16.7.2 Multiplicity in systematic reviews

This is an archived version of the Handbook. For the current version, please go to training.cochrane.org/handbook/current or search for this chapter here.

16.7.2 Multiplicity in systematic reviews

Adjustments for multiple tests are not routinely used in systematic reviews, and we do not recommend their use in general. Nevertheless, issues of multiplicity apply just as much to systematic reviews as to other types of research. Review authors should remember that in a Cochrane review the emphasis should generally be on estimating intervention effects rather than testing for them. However, the general problem of multiple comparisons affects interval estimation just as much as hypothesis testing (Chen 2005, Bender 2008).

Some additional problems associated with multiplicity occur in systematic reviews. For instance, when the results of a study are presented, it is not always possible to know how many tests or analyses were done. It is likely that in some studies interesting findings were selected for presentation or publication in relation to statistical significance, and other ‘uninteresting’ findings omitted, leading to misleading results and spurious conclusions. Such selective reporting is discussed in more detail in Chapter 8 (Section 8.14).

Adequate planning of the statistical testing of hypotheses (including any adjustments for multiple testing) should ideally be done at the design stage. Unfortunately, this can be difficult for systematic reviews when it might not be known, at the outset, which outcomes and which effect measures will be available from the included studies. This makes the a priori planning of multiple test procedures for systematic reviews more difficult or even impossible. Moreover, only some of the multiple comparison procedures developed for single studies can be used in meta-analyses of summary data. More research is required to develop adequate multiple comparison procedures for use in systematic reviews (Bender 2008).

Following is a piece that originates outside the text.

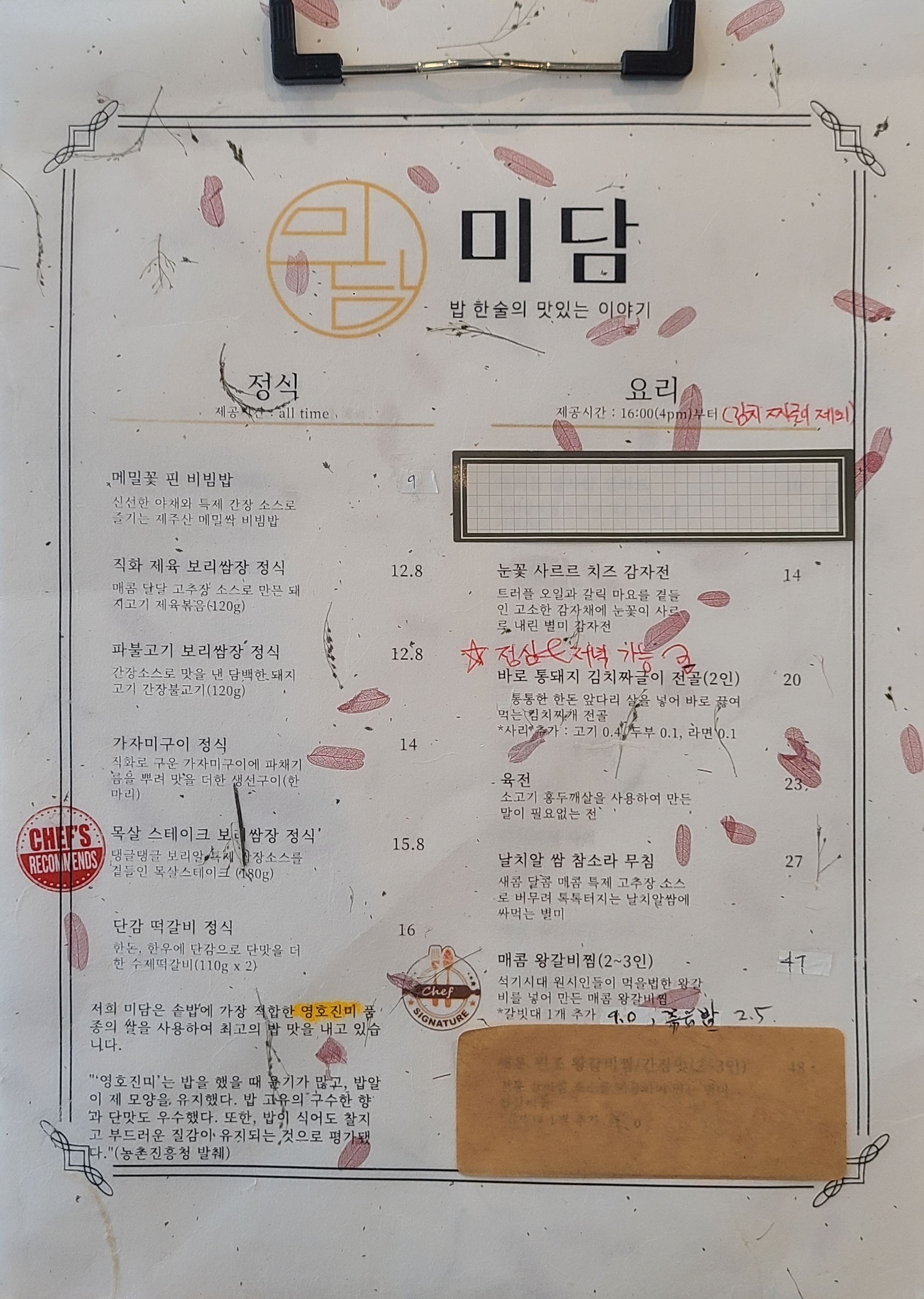 미담은 언제든 주문이 가능한 "정식"
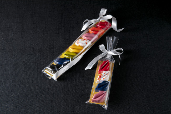 バレンタインシーズンを華やかに彩るチョコレート。思わず街へ持ち歩きたくなうようなピンクのハンドバッグ「シャルマン ローズ」は、ルビーチョコレートとホワイトチョコレートで作られた、持ち手や装飾まで全てお召し上がりいただけるサプライズな一品です。バッグの中には、コスメのようなカラフルな色合いの唇型のチョコレート「レーブル コロレ」8種をしのばせました。ミルク・ブロンド・ブラック・ホワイトなど様々な味わいのチョコレートと、フルーツやナッツの掛け合わせで、一つずつ違った表情をお楽しみいただけます。また、極上のなめらかさと魅惑的な色合いが美しい「パルフュメ」や、ナッツやドライフルーツを贅沢にトッピングした華やかな「タブレットチョコレート」もご用意し、当ホテルならではの上品な甘さと濃厚な味わいをお楽しみいただけます。

In summary, there is no simple or completely satisfactory solution to the problem of multiple testing and multiple interval estimation in systematic reviews. However, the following general advice can be offered. More detailed advice can be found elsewhere (Bender 2008).

In the protocol for the review, state which analyses and outcomes are of particular interest (the fewer the better). Outcomes should be classified in advance as primary and secondary outcomes, and main outcomes to appear in the ‘Summary of findings’ table should be pre-specified. If there is a clear key hypothesis, which could be tested by means of multiple significance tests, performing an adequate adjustment for multiple testing will lead to stronger confidence in any conclusions that are drawn.
Although it is recommended that Cochrane reviews should seek to include all outcomes that are likely to be important to users of the review, overall conclusions are more difficult to draw if there are multiple analyses. Bear in mind, when drawing conclusions, that approximately one in 20 independent statistical tests will be statistically significant (at a 5% significance level) due to chance alone when there is no real difference between the groups.
Do not select results for emphasis (e.g. in the abstract) on the basis of a statistically significant P value.
If there is a choice of time-points for an outcome, attempts should be made to present a summary effect over all time-points, or to choose one time-point that is the most appropriate one (although availability of suitable data from all trials may be a problem). Multiple testing of the effect at each of the time-points should be avoided.
Keep subgroup analyses to a minimum and interpret them cautiously.
Interpret cautiously any findings that were not hypothesized in advance, even when they are ‘statistically significant’. Such findings should only be used to generate hypotheses, not to prove them.